= MATERIAL FOR THIS TASK =
=== Begin Enclosure ===

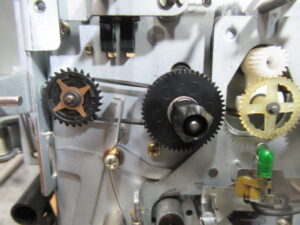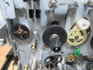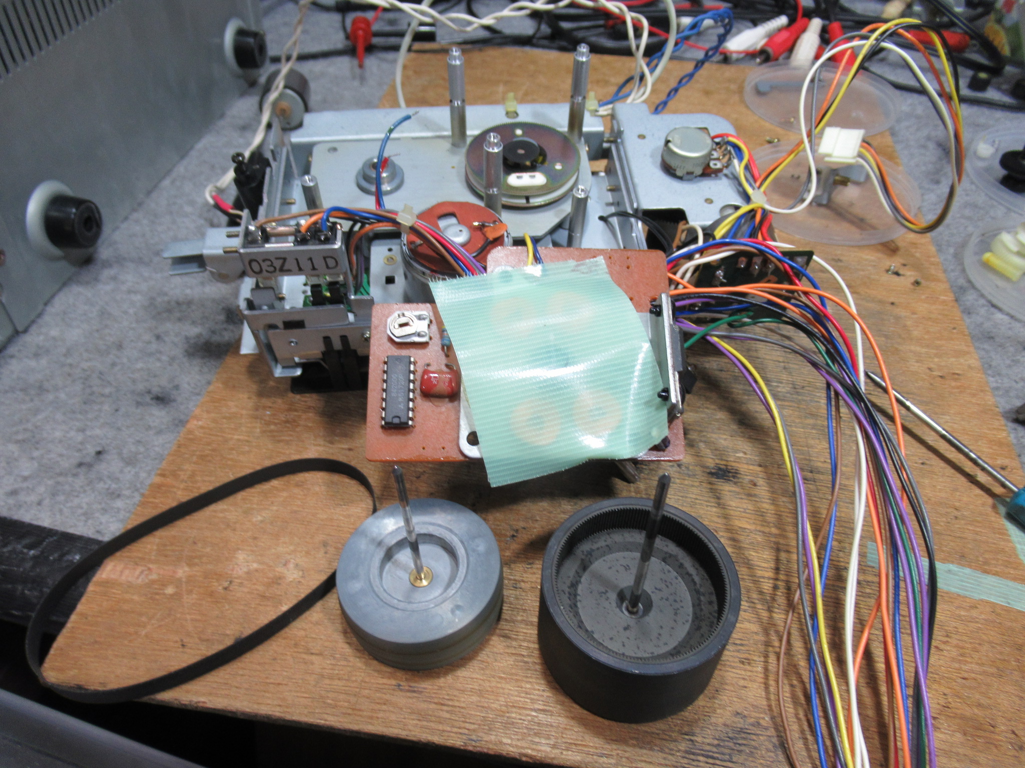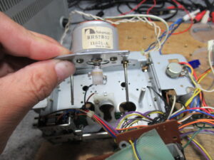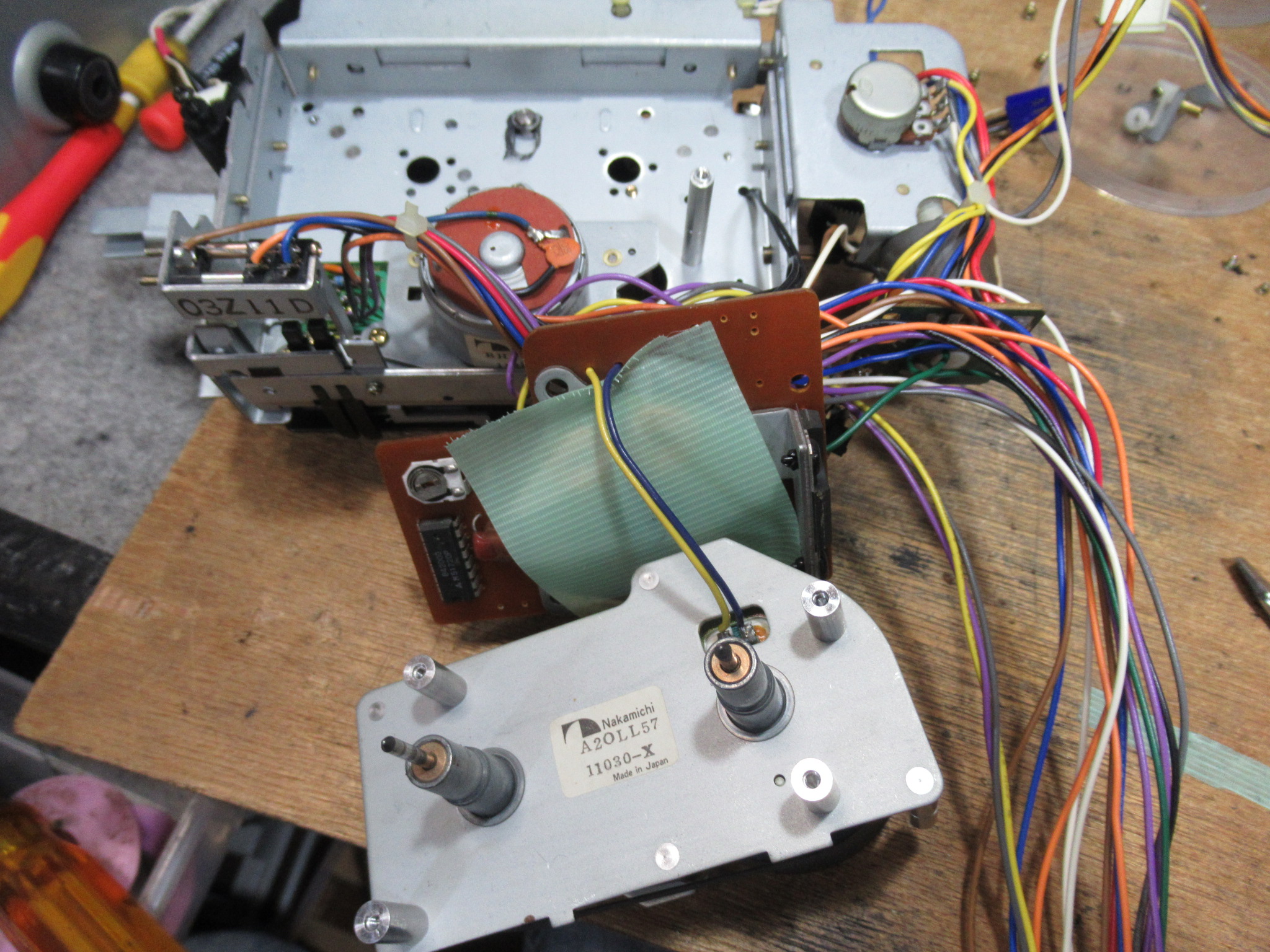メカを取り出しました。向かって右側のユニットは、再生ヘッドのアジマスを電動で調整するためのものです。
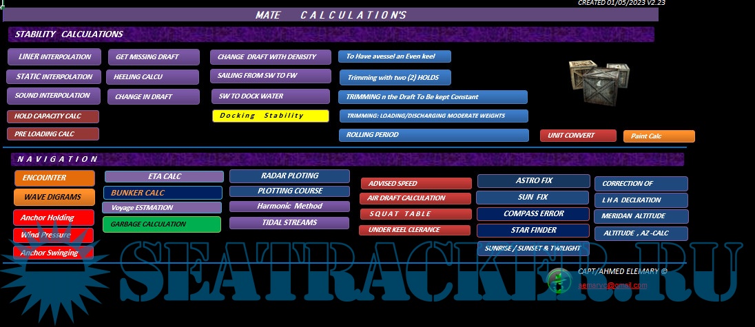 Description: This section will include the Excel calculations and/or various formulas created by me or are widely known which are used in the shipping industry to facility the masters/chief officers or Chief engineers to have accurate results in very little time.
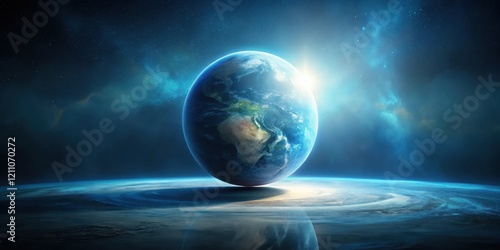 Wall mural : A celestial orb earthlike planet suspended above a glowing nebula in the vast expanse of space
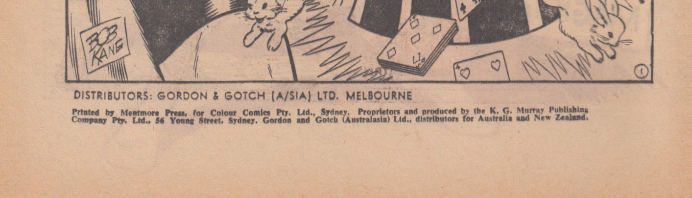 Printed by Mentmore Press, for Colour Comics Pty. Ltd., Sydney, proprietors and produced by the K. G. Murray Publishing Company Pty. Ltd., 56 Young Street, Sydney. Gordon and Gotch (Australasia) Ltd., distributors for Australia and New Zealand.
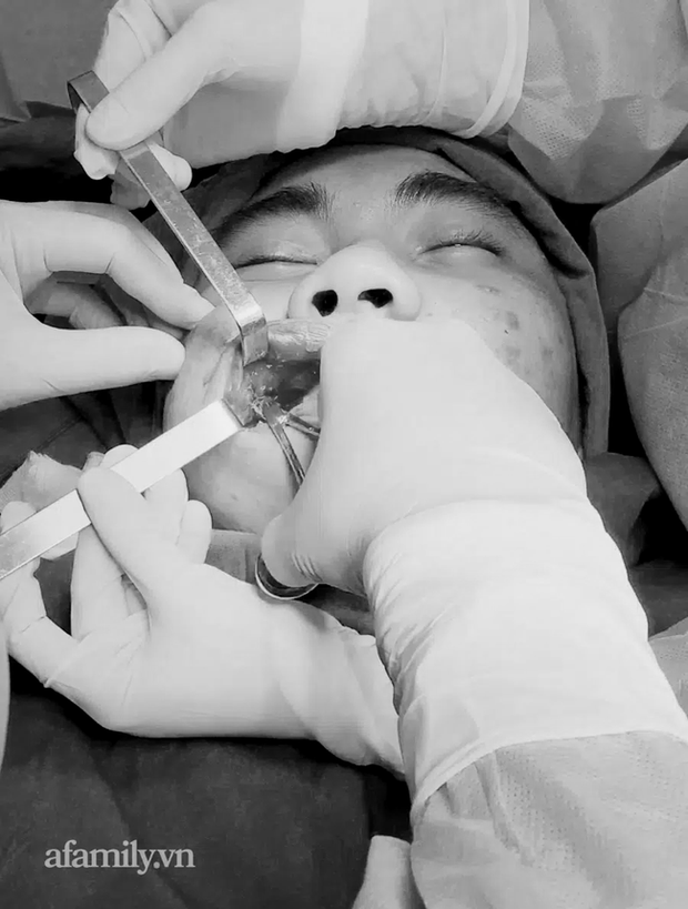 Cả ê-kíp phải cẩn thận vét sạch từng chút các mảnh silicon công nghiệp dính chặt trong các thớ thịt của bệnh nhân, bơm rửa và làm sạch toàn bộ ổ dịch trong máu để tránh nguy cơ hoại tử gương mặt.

=== End Enclosure ===

= DIRECTIONS FOR THIS TASK =
Once the line containing "Wall mural : A" is found, it and every line through the end of the records above should be output exactly, with no pictures.

= COMPLETED EXERCISE =
 Wall mural : A celestial orb earthlike planet suspended above a glowing nebula in the vast expanse of space
 Printed by Mentmore Press, for Colour Comics Pty. Ltd., Sydney, proprietors and produced by the K. G. Murray Publishing Company Pty. Ltd., 56 Young Street, Sydney. Gordon and Gotch (Australasia) Ltd., distributors for Australia and New Zealand.
 Cả ê-kíp phải cẩn thận vét sạch từng chút các mảnh silicon công nghiệp dính chặt trong các thớ thịt của bệnh nhân, bơm rửa và làm sạch toàn bộ ổ dịch trong máu để tránh nguy cơ hoại tử gương mặt.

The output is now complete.